Time to let it grow out a bit. I'll keep updating every few days. Let me know what you think!


----------



## brion0 (Sep 28, 2008)

I Bought a plant in a tube at Petco labled Argentina Sword. It looked like yours, after some searching I learned it was better suited for terariums. It lived okay under water, took them out to make room. I had an amazon sword that was groing fast an big. Swords are cute when small, the amazon is gone to after it took over half my 29 gal with no sign of slowing.

Ferns look nice tied to wood, the roots will grow and hang down.


----------



## hilikus16 (Nov 6, 2008)

Thanks for the info Brion. That "argentina sword" (or whatever) actually came from petco so chances are it's the same one you had. I guess i'll replace mine in the future since it's not a true aquatic plant.

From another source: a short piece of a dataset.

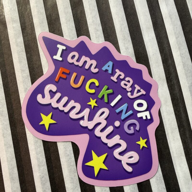 I am a ray for fucking sunshine klistermærke. 8×9 cm mat plastoverflade.
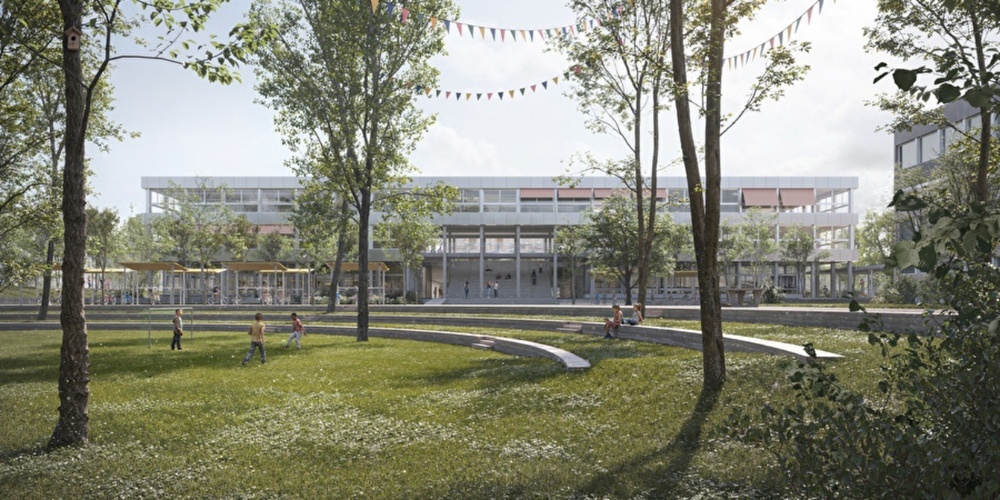 Durch die kompakte Bauweise werden die Aussenflächen freigestellt und als zusammenhängende Grünanlage gestaltet. Unter dem Hof entsteht ein Mehrzwecksaal, im Untergeschoss eine grosszügige Vierfachsporthalle. So entsteht ein funktionaler, kindgerechter und nachhaltiger Lernort, der auch dem Quartier zugutekommt.

I'm currently thinking about yanking out the crypts on the right and replacing them with a midground like downoi when I switch my substrate. I'm also going to get rid of the sword but I need ideas for a new small-leafed background plant.


----------



## hilikus16 (Nov 6, 2008)

Update: 12/7/08

Well I know not too many people are following this tank but for the few that are I want to keep updating it. It's been 5 days since I planted the Marselia and I'm noticing some new growth already. A few leaves turned yellow and are probably going to die off but thats expected. 

I can't seem to get the front of my tank clean/clear and every time I try to I scratch it because it's acrylic. Over my xmas break I plan on buying a 5.5g AGA. I'm going to basically start over and do it right. I'm going to get eco complete substrate, the tom rapids mini canister, and i'll build my own hood with about 20-25w under it. Until then i'll keep this tank updated. Any suggestions are welcome.

FTS


New Growth


New Growth


----------



## CL (Mar 13, 2008)

Good start


----------



## hilikus16 (Nov 6, 2008)

clwatkins10 said:


> Good start


thanks!


----------



## hilikus16 (Nov 6, 2008)

update: 12/10/08

it's been one week since i planted the marselia and im already noticing some good growth. everything else is growing pretty steadily too, especially the crypts. not much else has changed. 

the glare on the front of this tank is just killing me. that and i keep scratching it by accident. this is why i'm about 90% i'll be getting a 5.5g aga in about a week  this tank just isn't quite how i want it so a fresh start will be nice.

anyways it's picture time:

some new growth



more growth



FTS


----------